Dining in Egypt

Overview by Globlatrade.net:
Categories of Restaurant
  • Basic restaurants
Simple dishes: kebabs, chicken, mouloukhya, good value for money. Sometimes it is self-service.
  • Medium restaurants
With proper service and a more varied menu of good Egyptian cuisine.
  • High-end restaurants
Impeccable service and good quality cuisine, often international, the decoration and the profile of the place are distinguished.
Rules For Eating Out
Restaurants are generally open from noon to the end of the evening.  Payment is after the meal except in the fast food restaurants.  For medium and high-end restaurants, a 25% tax is generally added to the final bill.  If satisfied, the tip should be between 10 and 15%.

Price Indications

Economy Meal Up to EGP 15
Medium Price Meal EGP 15 - 75
Good Quality Meal Over EGP 75
Food Specialties
The main specialties are:
The fuul: a beans puree usually served in a piece of shami (bread similar to the pita).
The ta'amiya or falafel
The koshari: a platter of noodles, rice, black lentils, fried onions and tomato sauce.
The molokhia: stew of minced molokhia (Jew's mallow) leaves served in sauce with rice or bread.
Black tea is the national drink par excellence.
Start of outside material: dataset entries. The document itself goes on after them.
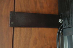 角材には左右と中央の3ヶ所の穴を開けてボルトを通し、樹脂皮膜の細いワイヤーでラックとを結ぶ。最後にナットを締め付ければ、結構しっかり固定できる。まあ、震度いくらまで耐えられるかは不明だが、なにもしないよりマシだろう。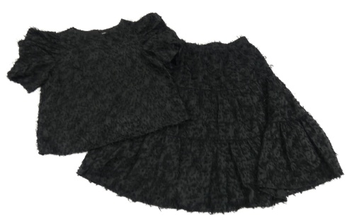 2set - Černé crop tričko s třásněmi + sukně Zara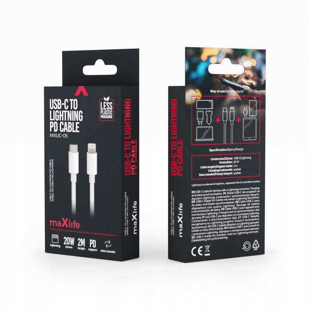 Kabel marki Maxlife ze złączem USB-C- Lightning. Funkcja szybkiego ładowania pozwoli Ci oszczędzić Twój cenny czas. Komfortowa długość kabla gwarantuje swobodne podłączenie urządzeń, nawet tych daleko znajdujących się od gniazdka. Solidne wykonanie zapewnia prawidłowe funkcjonowanie kabla.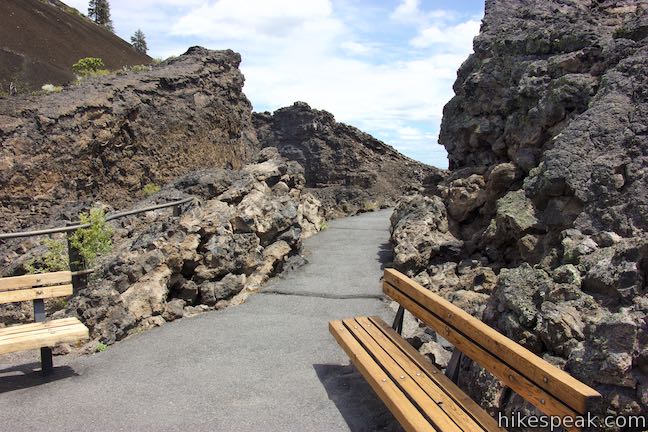 Trail of the Molten Land has a loop in the middle with two non-loop sections at both ends. The junctions are obvious. All you have to do is stick with the paved trail and there should be no way to get off course. Begin up Trail of the Molten Land through the last forested area at the edge of the lava flow. You will quickly reach one of the many informative panels describing how this landscape was formed. The first panel welcomes you to the molten lands: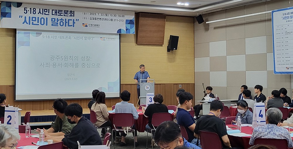 5¡¤18±â³äÀç´ÜÀº Áö³ 22ÀÏ ¿ÀÀü 10½Ã30ºÐ ±¤ÁÖ ¼±¸ ±è´ëÁßÄÁº¥¼Ç¼¾ÅÍ¿¡¼ ¡®5¡¤18 ¿ë¼¿Í ÈÇØ, Áø½Ç°ú Ã¥ÀÓ¡¯À̶ó´Â ÁÖÁ¦·Î ½Ã¹Î ´ëÅä·Ðȸ¸¦ °³ÃÖÇß´Ù.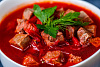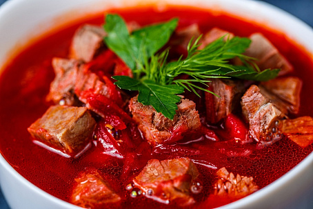 Состав: Вода, говядина, капуста, свекла, картофель, морковь, лук репчатый, соль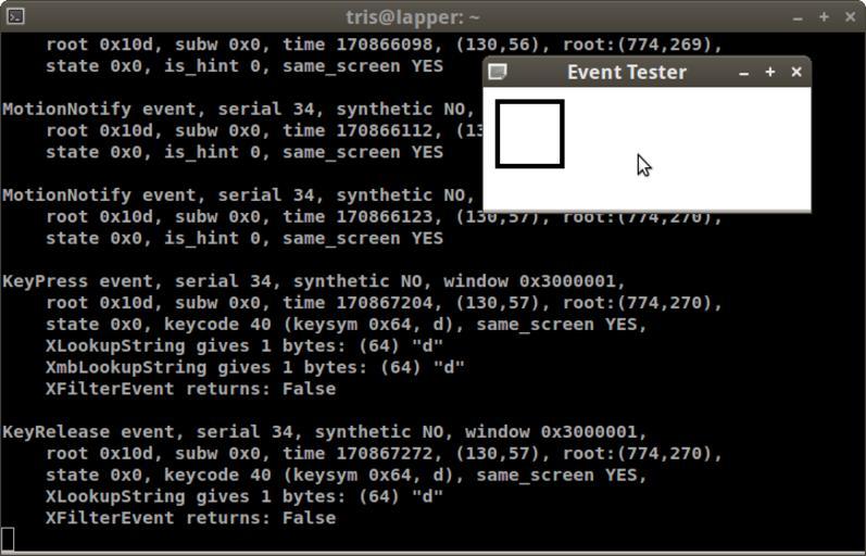 Keywords: Xev command.png Running the xev command on a GNU/Linux operating system Looks like I moved the cursor around and hit d I took the screenshot 2013-04-28 Palosirkka <span class signature-talk >talk</span> 21 17 27 April 2013 UTC Cc-zero Screenshots of free software |
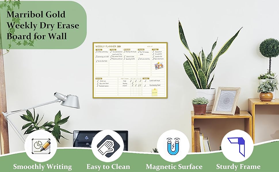 Amazon com : Marribol Gold Weekly Dry Erase Board for Wall 12 quot x16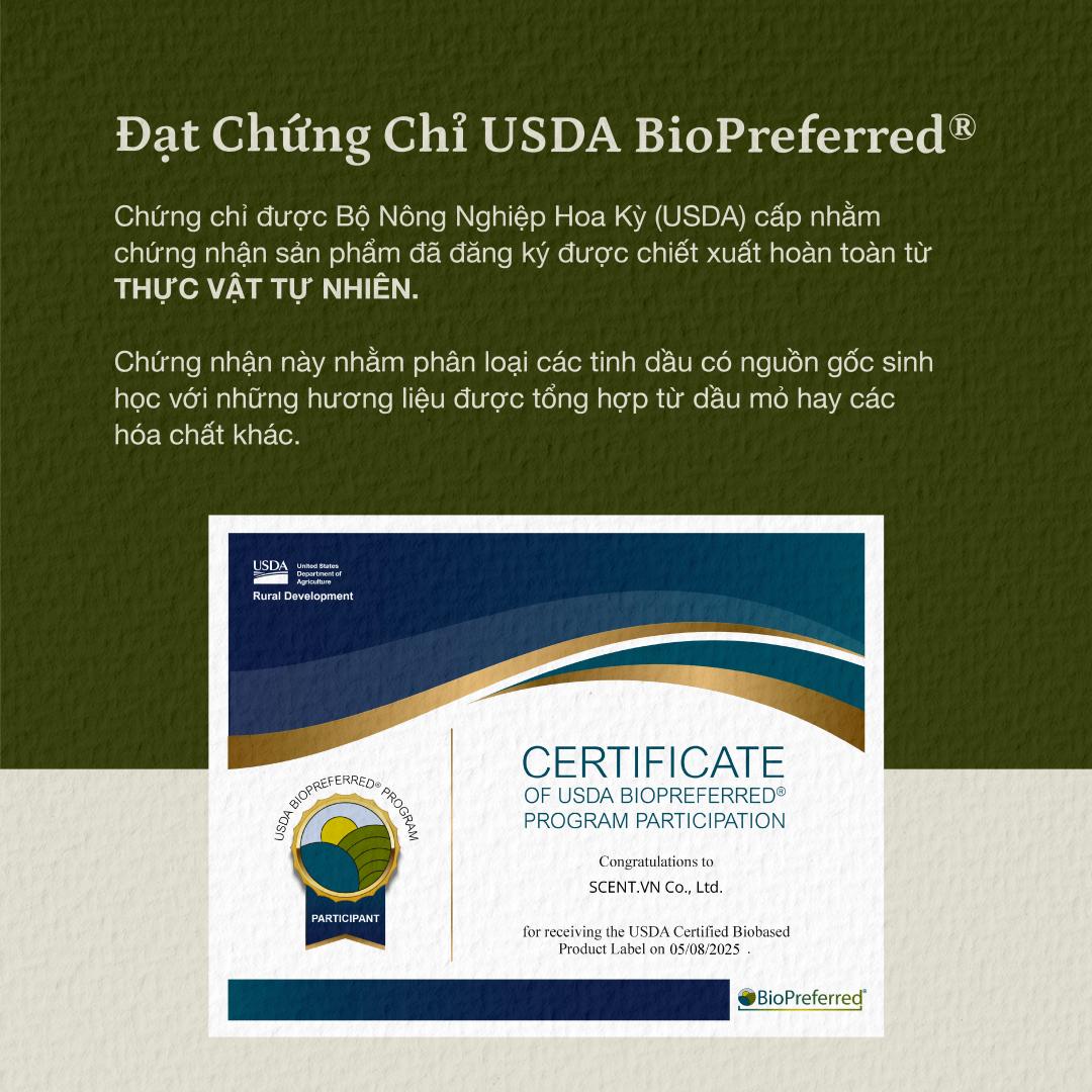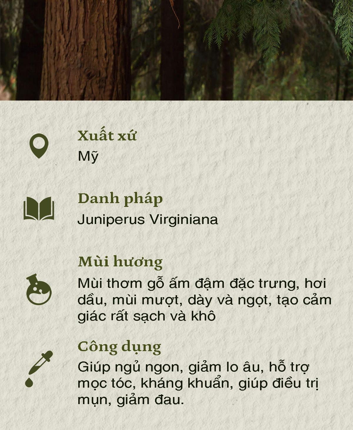 Tinh dầu có hương khô, ấm, gỗ đậm pha chút dầu nhẹ, mượt và dày, mang vị ngọt rõ rệt. Khi drydown, mùi trở nên khô hơn và ngọt dịu, tạo cảm giác ấm áp, sạch sẽ và dễ chịu hơn so với các dòng Cedarwood khác. SCENT nhập khẩu trực tiếp từ Mỹ – vùng bản địa của cây – để đảm bảo mùi hương nguyên bản, đậm đà và chất lượng cao.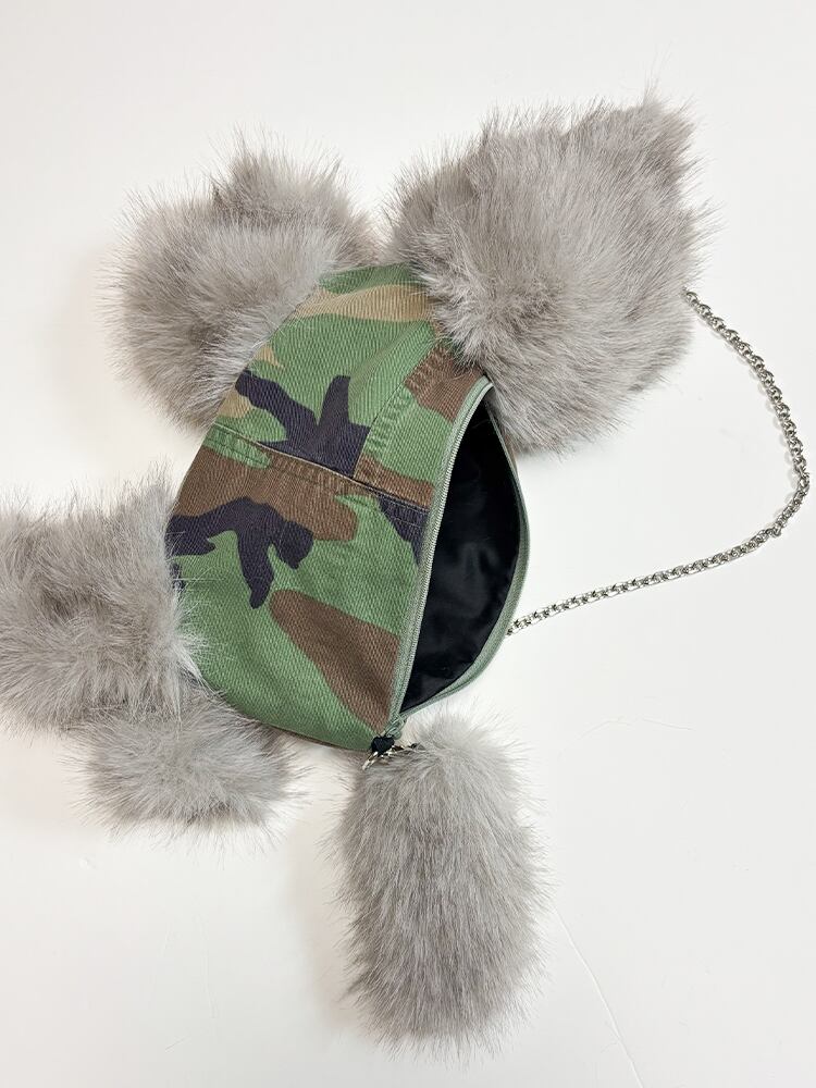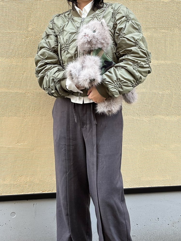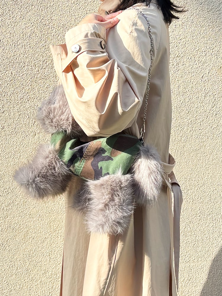 お腹部分には、スタイリングに自然に馴染むヴィンテージのミリタリー生地をリメイクして使用しています。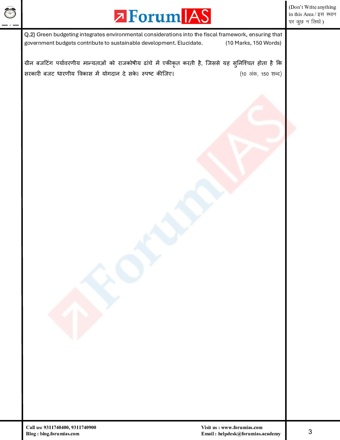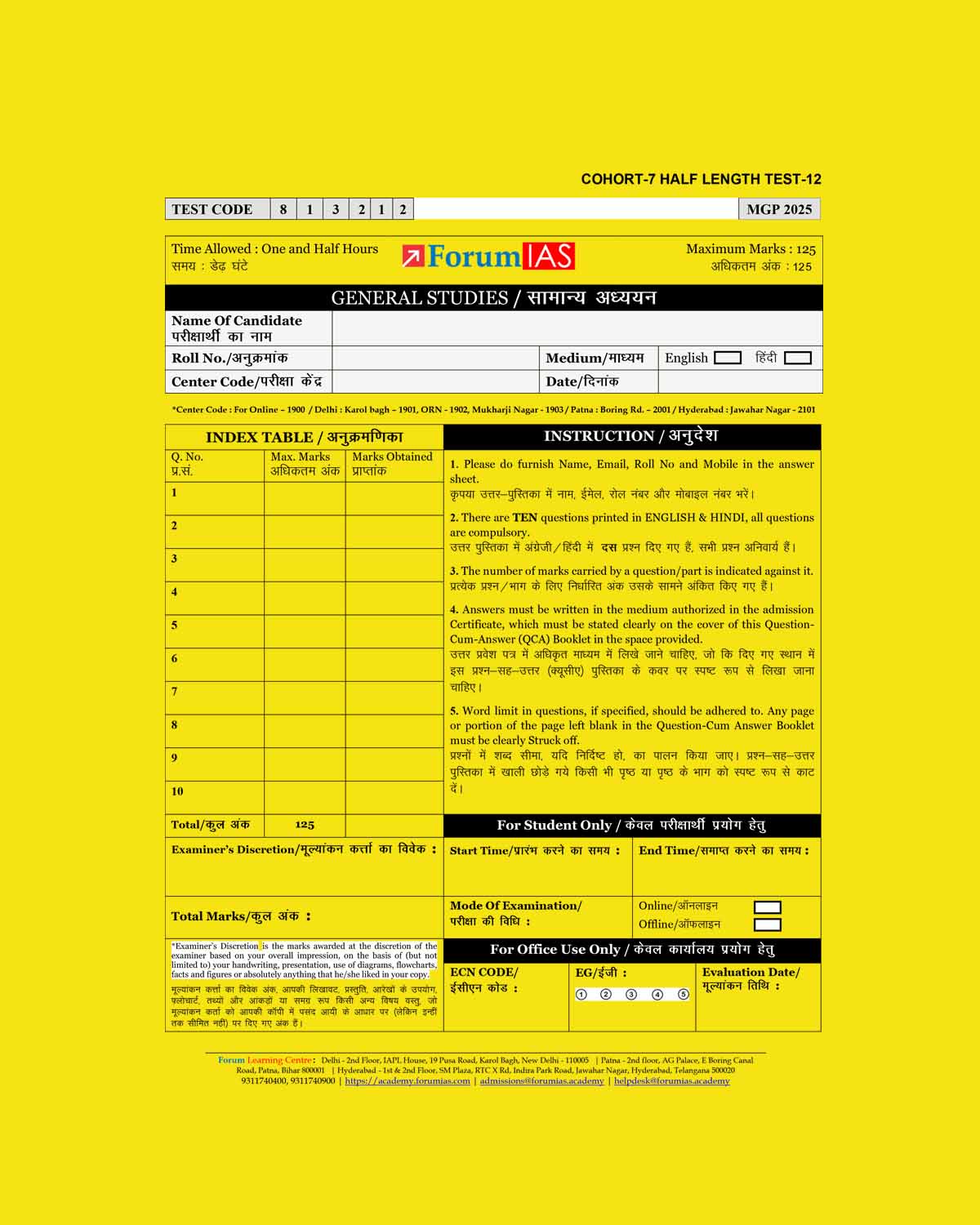 FORUM IAS MGP (COHORT-7) 2025 QUESTION CUM ANSWER BOOKLET HALF LENGTH TEST-12-QCA FINAL (ENGLISH & HINDI) {BLACK AND WHITE}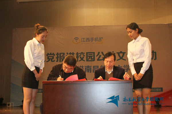 校党委副书记黄士安代表学校与江西手机报签署推进“手机党报进校园”战略合作书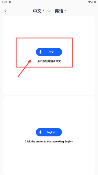 2、進(jìn)入語音翻譯頁面,點擊中文按鈕,開始說中文,應(yīng)用將實時轉(zhuǎn)換為英語翻譯結(jié)果。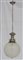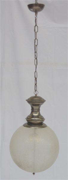 Lampada a sospensione con struttura in alluminio, sfera in vetro soffiato parzialmente acidato sulla superficie esterna. Italia, anni '70. (h cm 120; d cm 30) (lievi difetti)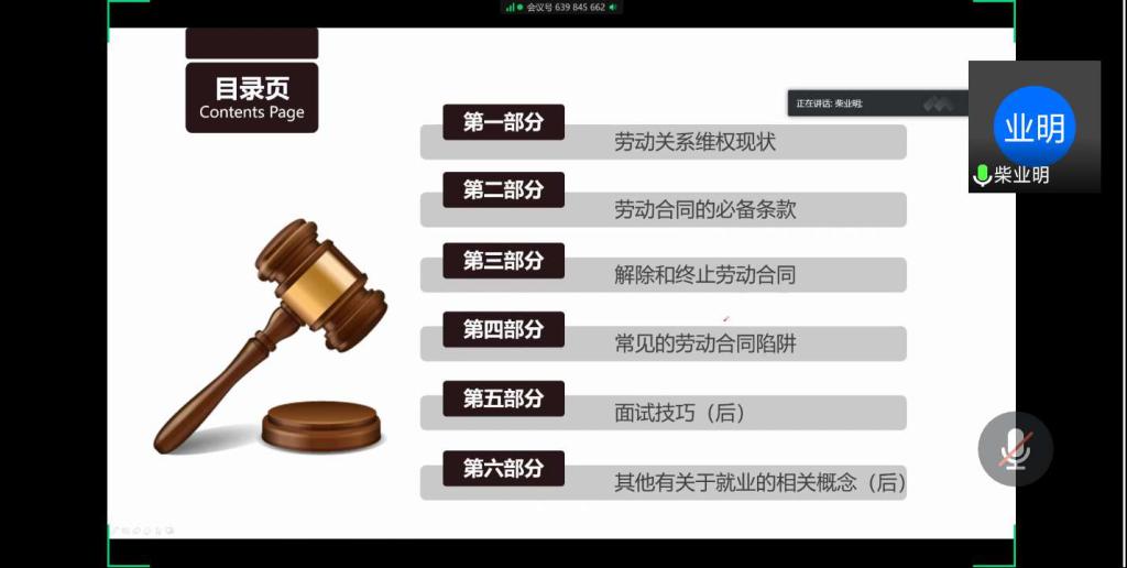 在第一学习小组的党课中,柴业明同志结合实习经历,为党员带来了主题为《毕业求职-法律知识专题》的专业知识分享,他详细介绍了劳动合同的必备条款、常见陷阱以及解除和终止劳动合同等内容,增强了同志们就业方面的法律意识,之后结合自身经历介绍了面试技巧以及其它就业的相关概念。此次分享使同志们的综合素质得以提升,为今后的就业求职打下良好基础。
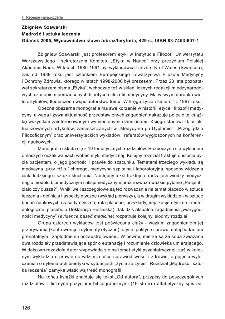 III. Recenzje i sprawozdania Zbigniew Szawarski Mądrość i sztuka leczenia Gdańsk 2005, Wydawnictwo słowo /obraz/terytoria, 429 s., ISBN 83-7453-607-1 Zbigniew Szawarski jest profesorem etyki w Instytucie Filozofii Uniwersytetu Warszawskiego i sekretarzem Komitetu „Etyka w Nauce” przy prezydium Polskiej Akademii Nauk. W latach 1980-1991 był wykładowcą University of Wales (Swansea), zaś od 1989 roku jest członkiem Europejskiego Towarzystwa Filozofii Medycyny i Ochrony Zdrowia, którego w latach 1998-2000 był prezesem. Przez 23 lata pozostawał sekretarzem pisma „Etyka”, wchodząc też w skład licznych redakcji międzynarodowych czasopism poświeconych bioetyce i filozofii medycyny. Ma w swym dorobku wiele artykułów, tłumaczeń i współautorstwo tomu „W kręgu życia i śmierci” z 1987 roku. Obecna obszerna monografia ma swe korzenie w historii, etyce i filozofii medycyny, a waga i żywa aktualność przedstawionych zagadnień nakazuje polecić tę książkę wszystkim zainteresowanym wymienionymi dziedzinami. Księga stanowi zbiór aktualizowanych artykułów, zamieszczanych w „Medycynie po Dyplomie”, „Przeglądzie Filozoficznym” oraz uniwersyteckich wykładów i referatów wygłoszonych na konferencji naukowych. Monografia składa się z 19 tematycznych rozdziałów. Rozpoczyna się wykładem o naszych oczekiwaniach wobec etyki medycznej. Kolejny rozdział traktuje o istocie bycia pacjentem, o jego godności i prawie do szacunku. Tematami trzeciego wykładu są medycyna „przy łóżku” chorego, medycyna szpitalna i laboratoryjna, sposoby widzenia ciała ludzkiego i sztuka słuchania. Następny tekst traktuje o rodzajach wiedzy medycznej, o modelu biomedycznym i aksjomedycznym oraz rozważa ważkie pytanie „Pacjent ciało czy dusza?”. Wnikliwe i szczegółowe są też rozważania na temat placebo w sztuce leczenia - definicja i aspekty etyczne (wykład pierwszy), a w drugim wykładzie - w sztuce badań naukowych (zasady etyczne, rola placebo, przykłady, implikacje etyczne i metodologiczne, placebo a Deklaracja Helsińska). Tak dziś aktualne zagadnienia „wiarygodności medycyny” (evidence based medicine) rozpatruje kolejny, siódmy rozdział. Grupa czterech wykładów jest poświęcona ciąży - ważkim zagadnieniom jej przerywania (kontrowersje i dylematy etyczne), etyce, polityce i prawu, dalej badaniom prenatalnym i zapłodnieniu pozaustrojowemu. W pewnej mierze są ze sobą związane dwa rozdziały przedstawiające spór o eutanazję i rozumienie człowieka umierającego. W dalszym rozdziale Autor wypowiada się na temat etyki psychiatrycznej, zaś w kolejnym wykładzie o prawie do wdzięczności, sprawiedliwości i zdrowiu, o pojęciu wyleczenia i o dylematach bioetyki w sytuacjach „życie za życie”. Rozdział „Mądrość i sztuka leczenia” zamyka właściwą treść monografii. Na końcu książki znajduje się tekst „Od autora”, przypisy do poszczególnych rozdziałów z licznymi pozycjami bibliograficznymi (19 stron) i alfabetyczny spis na- 126 III. Recenzje i sprawozdania zwisk. Dyspozycja tekstu, krój i zróżnicowanie czcionki oraz kremowy papier ułatwiają poznanie i przyswojenie treści. Książkę zdobi estetyczna kartonowa okładka barwy zielonej z białymi i czarnymi napisami oraz dwoma zakładkami. Na ostatniej stronie są podane inne pozycje serii „Biblioteki Filozofii i Historii Filozofii”, z której pochodzi obecna monografia oraz krótkie informacje o Autorze i jego zwięzła wypowiedź. Henryk Gaertner - Kraków 127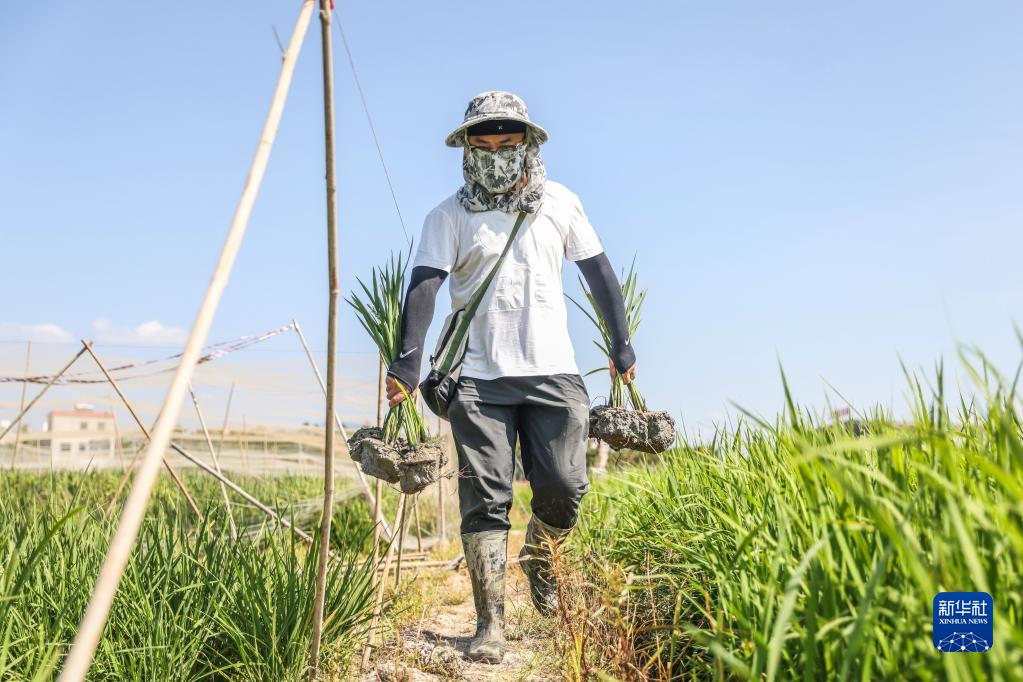 2月22日,青島海水稻研究發展中心的科研人員殷會德走在三亞的國家南繁科研育種基地里。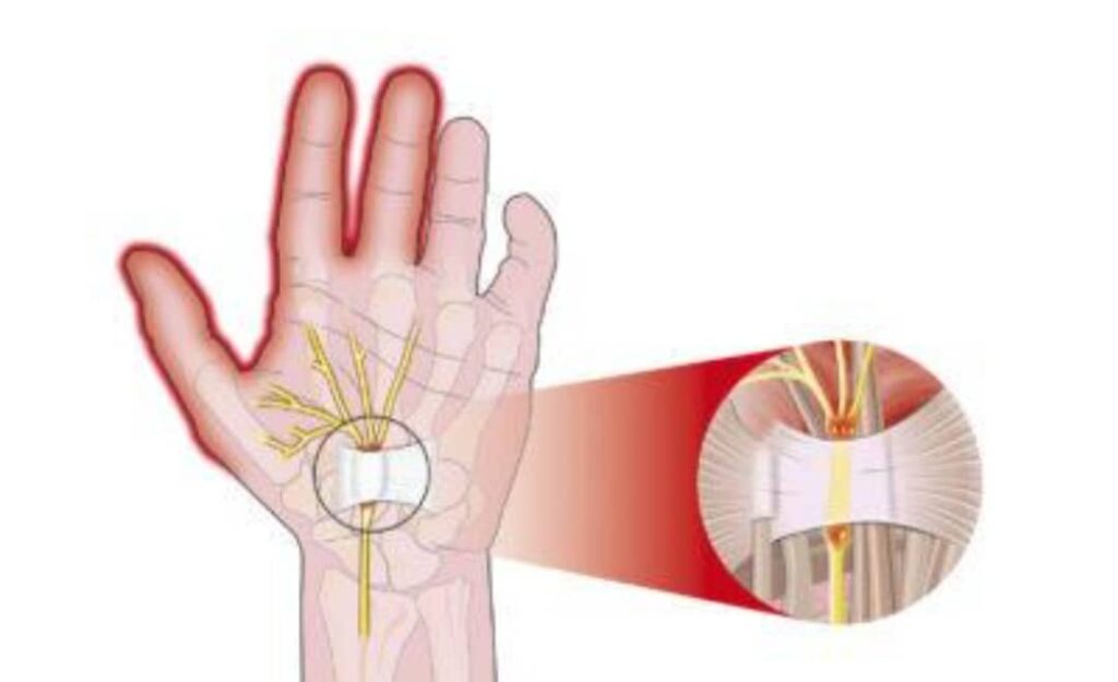 Vsako vnetje kit oziroma kitnih ovojnic, ki ima oteklino, ima posledično potrebo po večjem prostoru, zato stisne zdrava tkiva, ki so okoli njih (medialni živec). Živci so zelo občutljivi na kompresijske sile, zato ne morejo več normalno prenašati živčnih impulzov. Omrtvičenost prstov oživčenih z medialnim živcem je glavna značilnost nevropatskih simptomov sindroma zožitve karpalnega kanala.

It is easy to buy alcohol in various local stalls or in hotels. During the month of Ramadan, it is more difficult to find alcohol. You have to be careful with the locally brewed alcohol since it could be adulterated. Egypt has several labels of local beer such as Stella or Saqqara and several wines like Omar Khayyam or Obelisque.
Dietary Restrictions
Pork is forbidden for Muslims. However, because of the presence of a strong Christian community, it is possible to buy pork in some grocery stores or even get it served in some restaurants.
Table Manners
Meals are taken at the table in restaurants.  At home, and especially in rural areas, meals are taken seated on the floor.  Eating with hands is not impolite and is common outside medium and high-end restaurants.  Looking at the neighbor's plate is impolite. Leaving food on the plate and on the table is a sign of politeness and communicates to the host that he/she has been sufficiently generous.